What’s perhaps most interesting about this event in recent church history is that it didn’t immediately become the worldwide celebration that we recognize it as today - the National Council of Churches didn’t even recognize or endorse it until 1940. As Dr. Kerr’s son, Dr. Donald Craig Kerr, shared in an interview for the Presbyterian Outlook magazine, “The concept spread very slowly at the start. People did not give it a whole lot of thought. It was during the Second World War that the spirit caught hold, because we were trying to hold the world together. World Wide Communion symbolized the effort to hold things together, in a spiritual sense.”
It wasn’t a major ecumenical conference; it didn’t start as a joint declaration from the major heads of the church; it started as a service of unity to bring different churches together, to point to the importance of the church of Jesus Christ, and to emphasize the connections that each congregation has with the other as members of Christ’s body. In other words, it was the church doing what it is supposed to do, especially as we gather together to celebrate the sacrament of Communion. It was the church acting in humility, as slaves to Christ together.

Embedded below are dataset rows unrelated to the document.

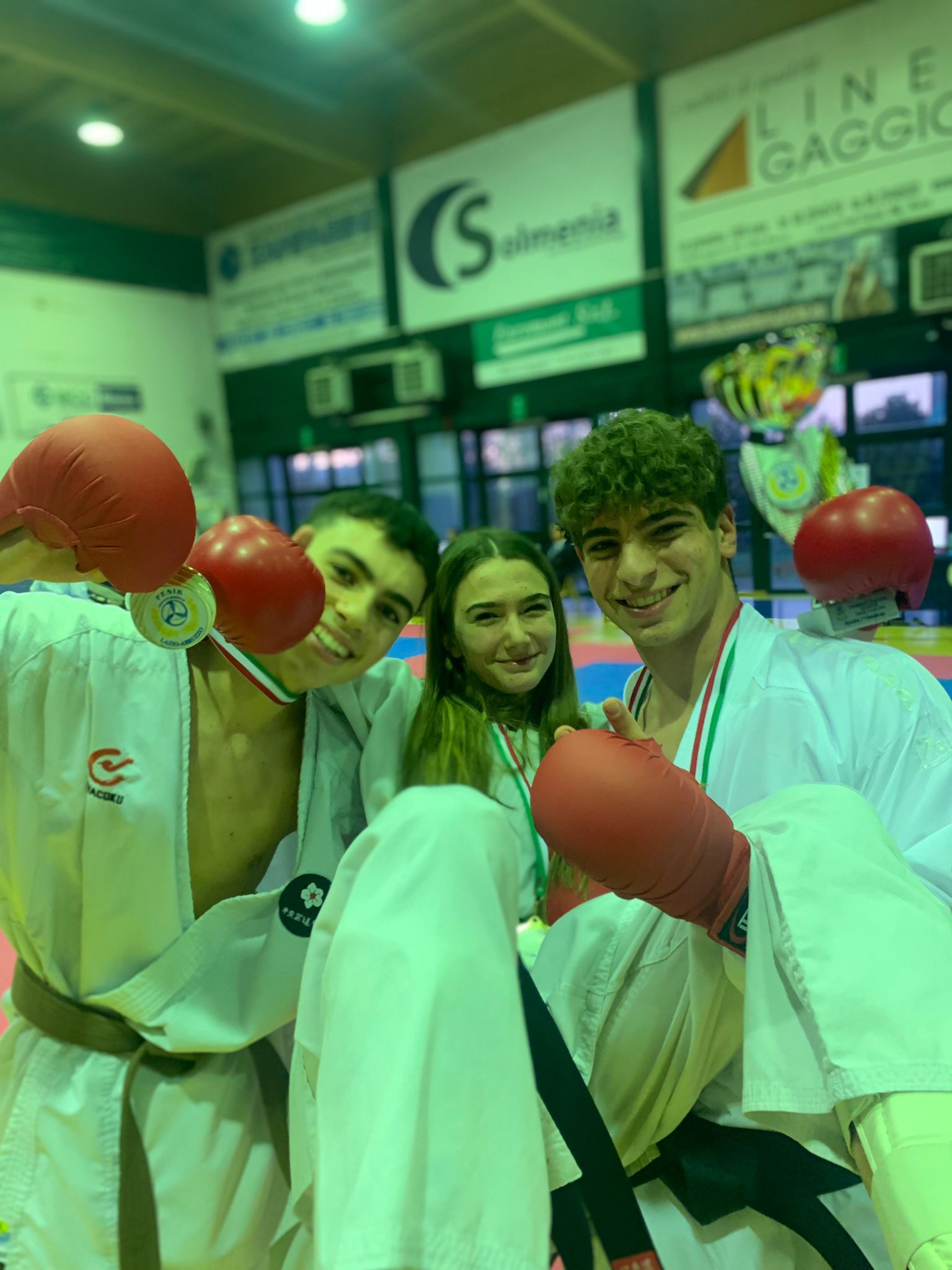 L’associazione latinense, guidata dalla Maestra Sabrina Tucci, e coadiuvata per l’occasione dalle cinture nere Roberto Coletti e Simone Tucci, ha partecipato al Campionato Regionale del Lazio e Abruzzo dedicato alla specialità del combattimento. Freschi di vittoria al recente Campionato Regionale di kata, a questo appuntamento il gruppo di Latina era meno folto del solito, anche perché la specialità del combattimento è meno adatta ai principianti, che hanno potuto seguire da casa le avventure del gruppo. Di fatto, in proporzione ai partecipanti, i risultati sono stati ancora più straordinari perché su 30 gare, 26 si sono trasformate in prestazioni da podio, ovvero 5 ori, 12 argenti, 9 bronzi.
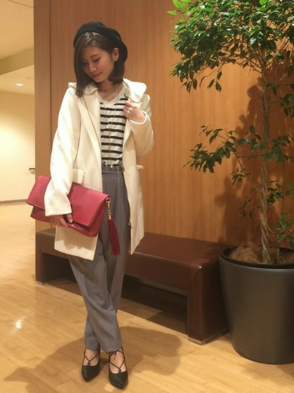 首元まで閉まり、フードもついているの防寒もばっちり! フードが取り外し可能なのでノーカラーコートとしてもお使いいただけます。 テーパードパンツとベーシックなニットのあわせで大人っぽく仕上げました。
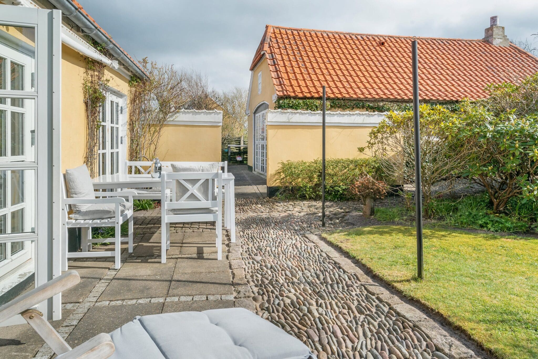 Dette smukke dobbelthus ligger kun få hundrede meter fra Sønderstrand og byder samtidig på en unik beliggenhed, hvor man kan færdes uforstyrret både inde i huset og ude i haven og den hyggelige gårdhave.
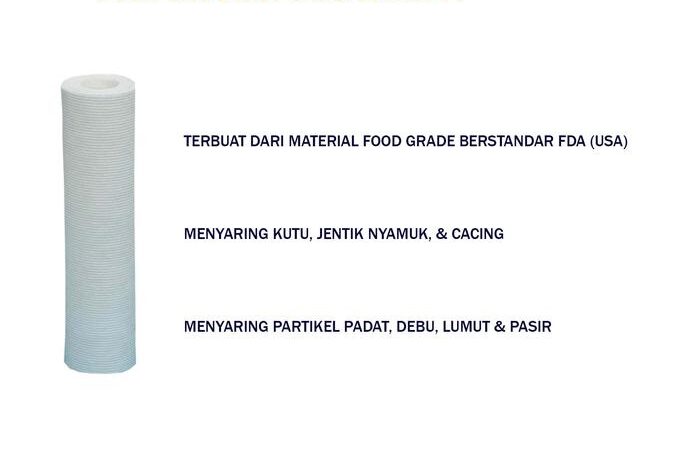 - PP Spun (Polypropylene Spun): Jenis filter mekanis yang terbuat dari serat polypropylene yang dipintal, berfungsi menyaring partikel padat dalam air.
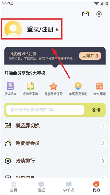 3、在我界面选择登录/注册
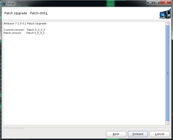 이 패널은 선택한 디렉터리에 현재 설치된 Altibase 제품의 패치 버전과 적용할 패치의 버전을 보여준다.
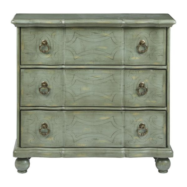 This hand painted accent chest with its blue-green antiqued finish and scrolling work detailing will add flair to any extra space.
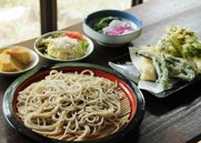 もともとそば打ちを趣味にしていた店主。おいしいそばをお客様に振る舞いたいという気持ちから、そば粉を探しましたが、なかなかおいしいそば粉を見つけられなかったそうです。 そんな時にそば打ち仲間に紹介してもらったのが「常陸秋そば」でした。 友蕎庵に入る道の入口には、小規模ながら立派な常陸秋そばの畑があります。これは店主自身で栽培しているもの。友蕎庵で提供されるそばは、半分は石臼挽き、もう半分はロールで挽いているそうで、つるつると喉に入っていき、細切りながらもコシのある食感を楽しむことができます。 一番の人気メニューは「おまかせセット」です。冷たいそばに季節の野菜を使った天ぷらと厚焼き卵、漬物等の小鉢、食後にコーヒーとデザートが付いた大変ボリュームのあるメニューです。 (おまかせセットは4名様から受け付けています。)
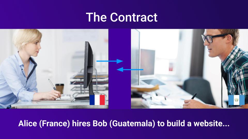 Let's take an example: Alice hires Bob to conduct a job online. But they only met on an online forum and don't really know each other's real identity. How can they trust each other?
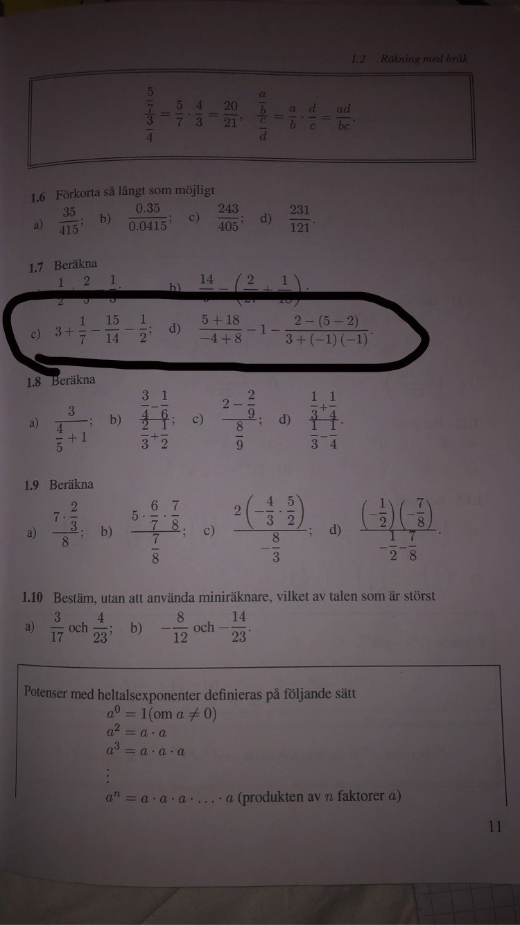 d) Räkna ut de två olika nämnarna, hitta MGN, och gångra de olika bråken så att alla får samma nämnare. Sätt på samma bråkstreck och räkna ut. Sedan förenkla.
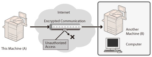 You can perform safe encrypted communication when the user is accessing the machine via a Web browser by installing a server certificate to the machine. With SSL communication, a common key that can only be used by the user and the machine is generated using the server certificate and public key. Doing so will help prevent data interception and theft. See
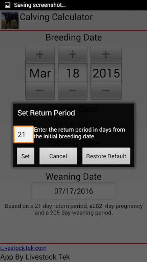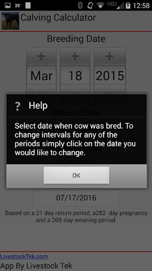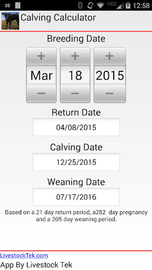 Easily calculate gestation cycle of beef cattle. This app calculates the return date, the calving date, and the weaning date based upon the observed breeding date. Fast and Easy to use and read. A must have for any farmer or rancher. The app also allows the user to change the amount of days in the three periods to best match your cow herd.

And out of that tiny mustard seed of simple, humble faith, we now come together on the 80th celebration of this World Communion Sunday, remembering that we are One body, One faith, and One in the Spirit of Christ. We come together, in the midst of a world that doesn’t seem to have changed all that much from the world of 1933; our government is deadlocked in argument to the point of shutdown, our economy uncertain, and we fight one war while we consider the thought of another. We come together amidst fear, anxiety, mistrust, and pessimism. We come together on this Sunday as a church affected by the same disease, split in hairline divisions over wordings and rulings, practices and polities, split even over the way we celebrate Communion or Baptism - a church that struggles with the very notion of unity... yet we come together on this day to remember that unity we have in Christ - the only unity that matters. Because in the midst of all this brokenness, our confession still remains: Christ is still on His throne. Christ is still bigger - bigger than state, bigger than nation, bigger than government. Christ is bigger than any of our arguments or differences, bigger than any disease, famine, or drought - bigger than the destruction of war, bigger than death itself. And it is at Christ’s table that we come together to partake of this holy meal, brothers and sisters all, one bread, one body, one Lord of all, sharing in one cup of blessing together, remembering that in Christ we are one holy, universal Church held together by his body and blood, shed for us. Now to the One who by the power at work within us is able to do far more abundantly than all we can ask or imagine, to God be the glory in the church and in Christ Jesus to all generations, forever and ever. Amen.